**Data to use:**
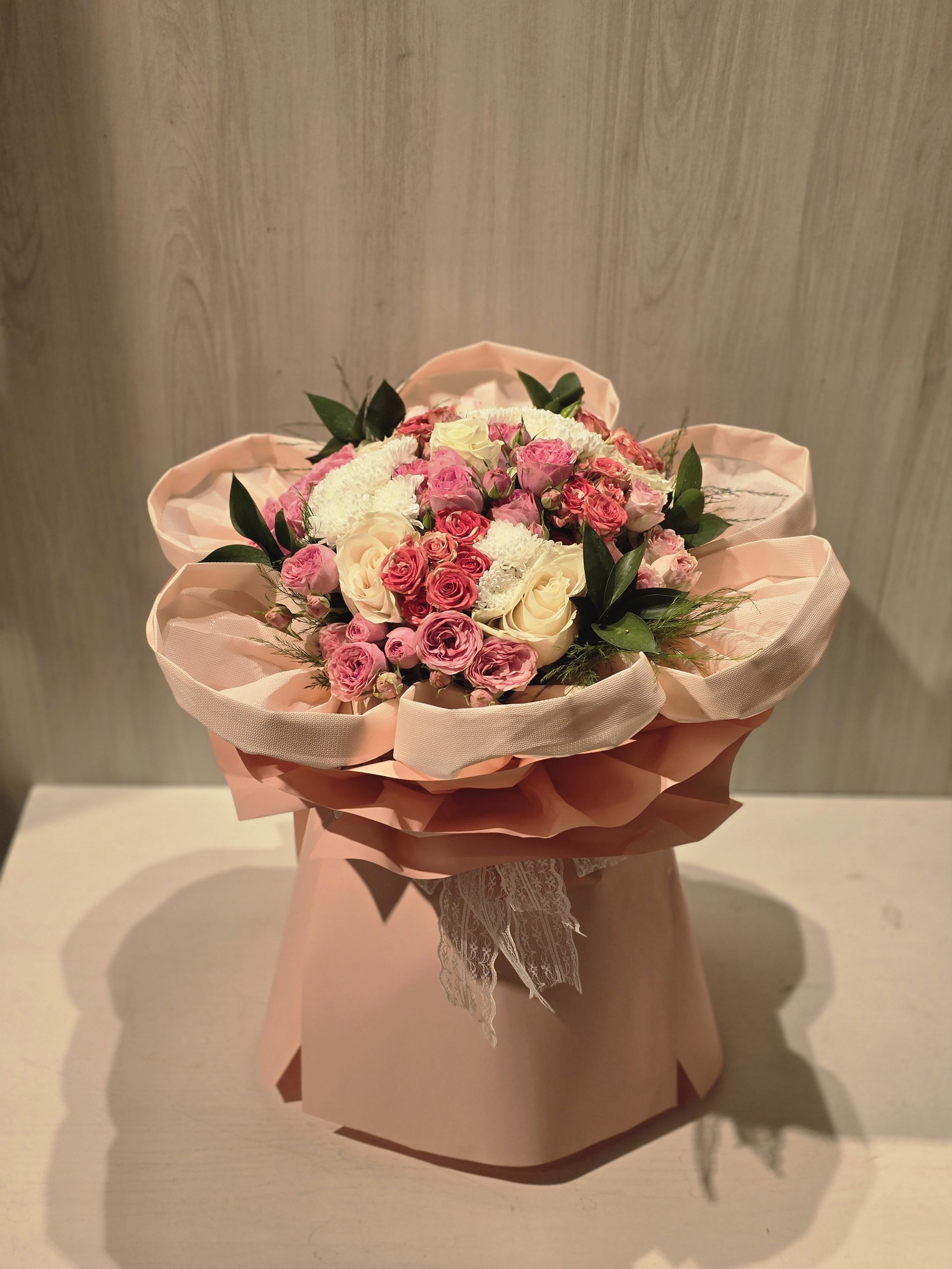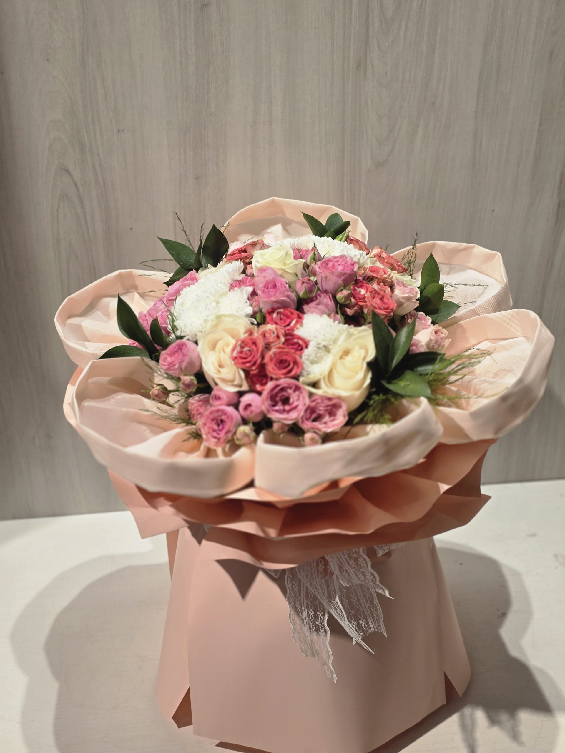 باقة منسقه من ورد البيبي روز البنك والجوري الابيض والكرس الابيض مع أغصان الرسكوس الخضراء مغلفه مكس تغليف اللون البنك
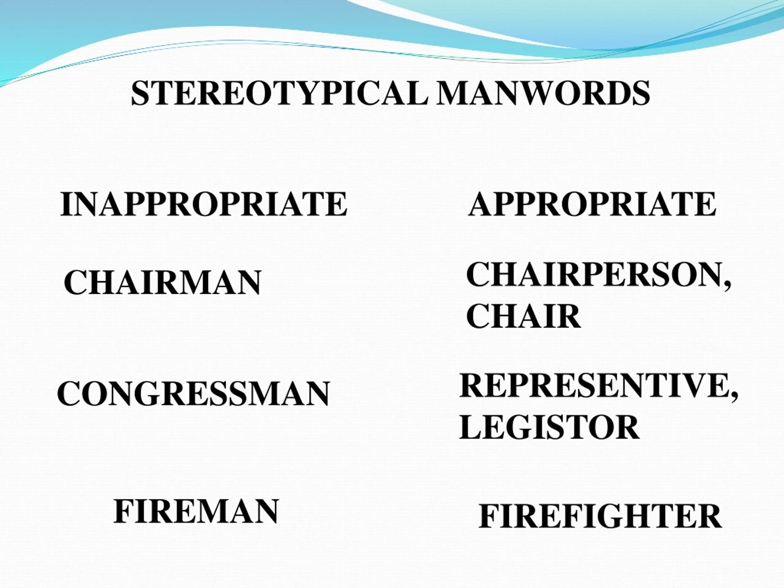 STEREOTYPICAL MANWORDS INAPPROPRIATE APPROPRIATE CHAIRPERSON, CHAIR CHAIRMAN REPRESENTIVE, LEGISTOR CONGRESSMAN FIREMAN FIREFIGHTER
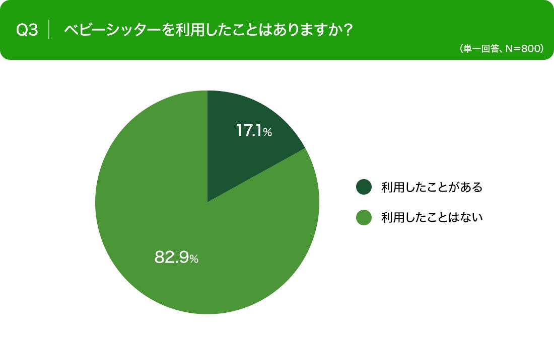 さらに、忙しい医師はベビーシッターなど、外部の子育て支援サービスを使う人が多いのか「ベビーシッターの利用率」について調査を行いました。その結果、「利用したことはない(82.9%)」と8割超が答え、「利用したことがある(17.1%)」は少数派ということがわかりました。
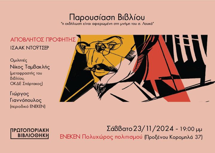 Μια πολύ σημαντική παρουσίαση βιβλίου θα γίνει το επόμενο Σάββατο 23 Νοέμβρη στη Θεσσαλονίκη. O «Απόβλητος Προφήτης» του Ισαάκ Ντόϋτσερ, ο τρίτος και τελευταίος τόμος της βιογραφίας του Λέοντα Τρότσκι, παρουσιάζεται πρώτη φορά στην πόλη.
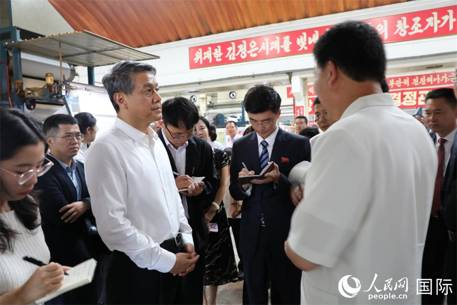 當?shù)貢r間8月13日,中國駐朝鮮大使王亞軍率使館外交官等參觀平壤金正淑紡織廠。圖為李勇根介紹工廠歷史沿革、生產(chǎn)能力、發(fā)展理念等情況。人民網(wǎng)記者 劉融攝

**Required work:**
Transcribe the records above exactly, omitting every picture they contain.

**Written answer:**
 باقة منسقه من ورد البيبي روز البنك والجوري الابيض والكرس الابيض مع أغصان الرسكوس الخضراء مغلفه مكس تغليف اللون البنك
 STEREOTYPICAL MANWORDS INAPPROPRIATE APPROPRIATE CHAIRPERSON, CHAIR CHAIRMAN REPRESENTIVE, LEGISTOR CONGRESSMAN FIREMAN FIREFIGHTER
 さらに、忙しい医師はベビーシッターなど、外部の子育て支援サービスを使う人が多いのか「ベビーシッターの利用率」について調査を行いました。その結果、「利用したことはない(82.9%)」と8割超が答え、「利用したことがある(17.1%)」は少数派ということがわかりました。
 Μια πολύ σημαντική παρουσίαση βιβλίου θα γίνει το επόμενο Σάββατο 23 Νοέμβρη στη Θεσσαλονίκη. O «Απόβλητος Προφήτης» του Ισαάκ Ντόϋτσερ, ο τρίτος και τελευταίος τόμος της βιογραφίας του Λέοντα Τρότσκι, παρουσιάζεται πρώτη φορά στην πόλη.
 當?shù)貢r間8月13日,中國駐朝鮮大使王亞軍率使館外交官等參觀平壤金正淑紡織廠。圖為李勇根介紹工廠歷史沿革、生產(chǎn)能力、發(fā)展理念等情況。人民網(wǎng)記者 劉融攝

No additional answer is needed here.